Liu responded, “If the Navajo Nation wanted to take advantage of common law trust principles, for example, if they tried to hold us to a duty of prudence of duty of loyalty, then they would have to prove something more than just any old treaty duty.
“They’d have to show that that duty also bore the characteristics of a conventional fiduciary relationship,” he said.
Justice Neil Gorsuch gave a synopsis to Liu that the Navajo were not allowed in the Arizona v. California case or at any other time to assert Winters rights and have any rights in the mainstream adjudicated because the government opposed the Nation’s motion to intervene in Arizona v. California.
He continued to explain that the consent decree suggests it does not resolve the rights of any Indian tribe except as expressly provided in the decree, which does not include the Navajo, leading him to question Liu if the Navajo intervene, would the government oppose it again.
Liu responded to Gorsuch, saying, “We might oppose it.”
“That’s partly why the Navajo can bring a motion to reopen the decree if they want to,” Liu said, to which Gorsuch replied, “You’re going to oppose it again. You just made that clear standing at the lectern.”
Barrett told Liu, “Seems to me that the strongest arguments made on behalf of the Navajo are in the nature of you breached the treaty, it was broken promises, you promised us (Navajo) a permanent home, and you’re not.”
Support from Navajo
A show of support from local naat’áanii from Diné Bikéyah attended the hearings in Wáshindoon.
Navajo Nation President Buu Nygren, Vice President Richelle Montoya, Speaker Crystalyne Curley, Council delegates Eugenia Charles-Newton and Brenda Jesus, and Navajo Nation Attorney General Ethel Branch made the journey to Wáshindoon to represent the future of Diné in this critical case.
Former Navajo Chairman Peter MacDonald and Navajo Nation Water Rights Commission Chair Joelynn Ashley also attended.
In a public press release on social media, Curley expressed her views and shared reflections from her childhood concerning accessible water then and how it hasn’t changed in the current day.
“This case goes beyond the fiduciary duty of the federal government.

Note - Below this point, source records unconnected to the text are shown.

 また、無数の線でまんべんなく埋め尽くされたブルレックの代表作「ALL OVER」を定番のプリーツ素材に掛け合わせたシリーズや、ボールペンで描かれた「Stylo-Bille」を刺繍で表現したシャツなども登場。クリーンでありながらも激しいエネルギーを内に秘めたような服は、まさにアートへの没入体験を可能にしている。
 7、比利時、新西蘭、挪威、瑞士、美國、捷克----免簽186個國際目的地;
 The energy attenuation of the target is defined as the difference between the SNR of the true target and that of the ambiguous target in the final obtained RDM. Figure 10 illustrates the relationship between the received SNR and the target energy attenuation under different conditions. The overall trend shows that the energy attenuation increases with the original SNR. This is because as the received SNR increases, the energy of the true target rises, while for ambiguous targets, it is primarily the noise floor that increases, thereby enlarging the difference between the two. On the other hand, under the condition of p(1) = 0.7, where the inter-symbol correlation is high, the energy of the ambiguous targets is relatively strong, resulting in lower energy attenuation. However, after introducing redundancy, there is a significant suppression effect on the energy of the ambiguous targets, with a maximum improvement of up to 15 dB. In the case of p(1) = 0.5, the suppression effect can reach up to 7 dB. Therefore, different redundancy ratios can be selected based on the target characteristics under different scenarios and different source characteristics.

The outcome of this hearing may determine the livelihood of our Navajo people now and for all future generations,” Curley said. “The right to water centers on our right to a permanent homeland through our treaties and the prayers of our ancestors since time immemorial.”

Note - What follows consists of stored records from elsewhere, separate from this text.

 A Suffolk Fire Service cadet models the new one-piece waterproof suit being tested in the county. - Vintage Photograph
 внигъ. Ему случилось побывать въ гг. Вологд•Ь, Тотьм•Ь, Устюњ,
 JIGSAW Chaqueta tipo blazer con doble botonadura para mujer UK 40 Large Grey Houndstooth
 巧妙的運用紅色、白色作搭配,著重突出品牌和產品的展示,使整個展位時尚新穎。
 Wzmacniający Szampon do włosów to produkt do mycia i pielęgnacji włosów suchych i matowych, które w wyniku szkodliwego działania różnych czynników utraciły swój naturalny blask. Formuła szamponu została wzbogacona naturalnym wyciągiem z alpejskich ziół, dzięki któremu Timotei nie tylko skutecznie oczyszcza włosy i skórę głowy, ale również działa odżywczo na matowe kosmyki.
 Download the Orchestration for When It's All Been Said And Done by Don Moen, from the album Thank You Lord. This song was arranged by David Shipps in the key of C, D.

“As a child, I grew up in a home without running water, and to this day, we still have over 30 percent of our people who don’t have access to clean running water in their homes,” she said. “Our leaders long ago fought for our right to our homeland, including the right to water, the right to life.”
The U.S. Supreme Court will hear closing arguments next month and expects to deliver a ruling in June 2023.